Capitaine d’un navire en perdition, le PS étant crédité de moins de 10% dans les sondages, la voilà donc repartie à l’assaut de la mairie strasbourgeoise. "Ça s’est décidé en quelques heures. Je me disais que pour Strasbourg, je pouvais transmettre mon expérience, ma capacité de travail. Quand en politique vous percevez un moment, il faut le saisir. J’ai saisi cette chance-là" assure-t-elle, refusant de faire de ce retour un "baroud d’honneur"
 
"On manque de gens qui ont des colonnes vertébrales idéologiques en ce moment. Ce n’est pas facile de revenir. Elle aurait pu passer son tour, renoncer; elle ne l’a pas fait. C’est courageux", reprend Robert Hermann.

Un pari fou gagnant au soir du premier tour. "Les Strasbourgeois ne l’ont pas oubliée", assure Richard Kleinchmager. L’ancienne maire, partie de loin, arrive troisième, au coude-à-coude avec Alain Fontanel, obtenant respectivement 19,8 et 19,9% des voix.
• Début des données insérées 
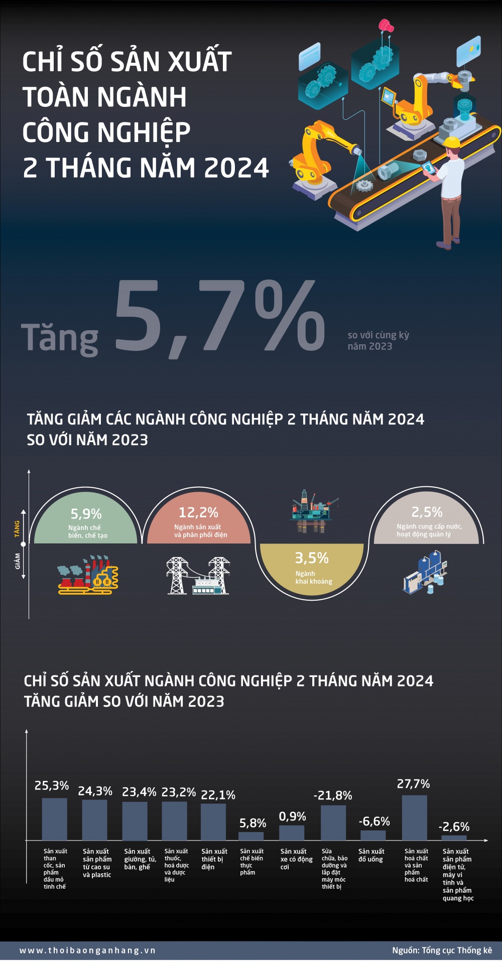 2 tháng đầu năm 2024, chỉ số sản xuất toàn ngành công nghiệp tăng 5,7% so với cùng kỳ năm trước. Trong đó, ngành khai khoáng giảm 15,3% so với cùng kỳ năm trước; ngành chế biến, chế tạo giảm 6,5%; sản xuất và phân phối điện giảm 3,6%; cung cấp nước, hoạt động quản lý và xử lý rác thải, nước thải giảm 1,1%.
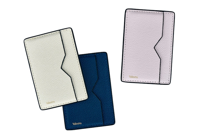 〈ヴァレクストラ〉から、iPhoneの背面にマグネットで装着できるMagSafe対応のカードケースが登場。微細な丸いシボと優美な質感を持つカーフスキンに、ブランドの頭文字「V」のカッティングが施され、カードが取り出しやすい工夫も。定番色はもちろん、美しい発色が自慢の豊富なカラーバリエーションが揃う。
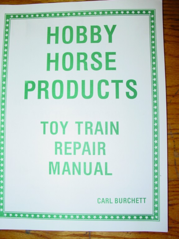 Over 140 pictures and diagrams describing mechanical toy train repairs using hobby horse tools. An excellent reference book for anyone interested in toy trains and a must for anyone interested in toy trains and a must for anyone who does toy train repairs.

De quoi y croire jusqu’à ce soir de second tour pluvieux.
 

Catherine Trautmann résumée en six dates

  • 1989 : Catherine Trautmann deveint maire de Strasbourg, première femme à diriger une grande ville.
     
  • 1995 : Elle remporte à nouveau les municipales, dès le premier tour, face à Philippe Richert.
     
  • 1997 : Elle entre au gouvernement de Lionel Jospin, dont elle sera évincée en 2000.
     
  • 2001 : Les divisions au sein du PS provoquent la défaite de la gauche à Strasbourg et la victoire du tandem Fabienne Keller, centriste, et Robert Grossmann, gaulliste.
     
  • 2005 : Elle entre à nouveau au Parlement européen. Elle y siégera jusqu'en 2014.
     
  • 2014 : Elle devient vice-présidente de l'Eurométropole de Strasbourg, jusqu'en 2020.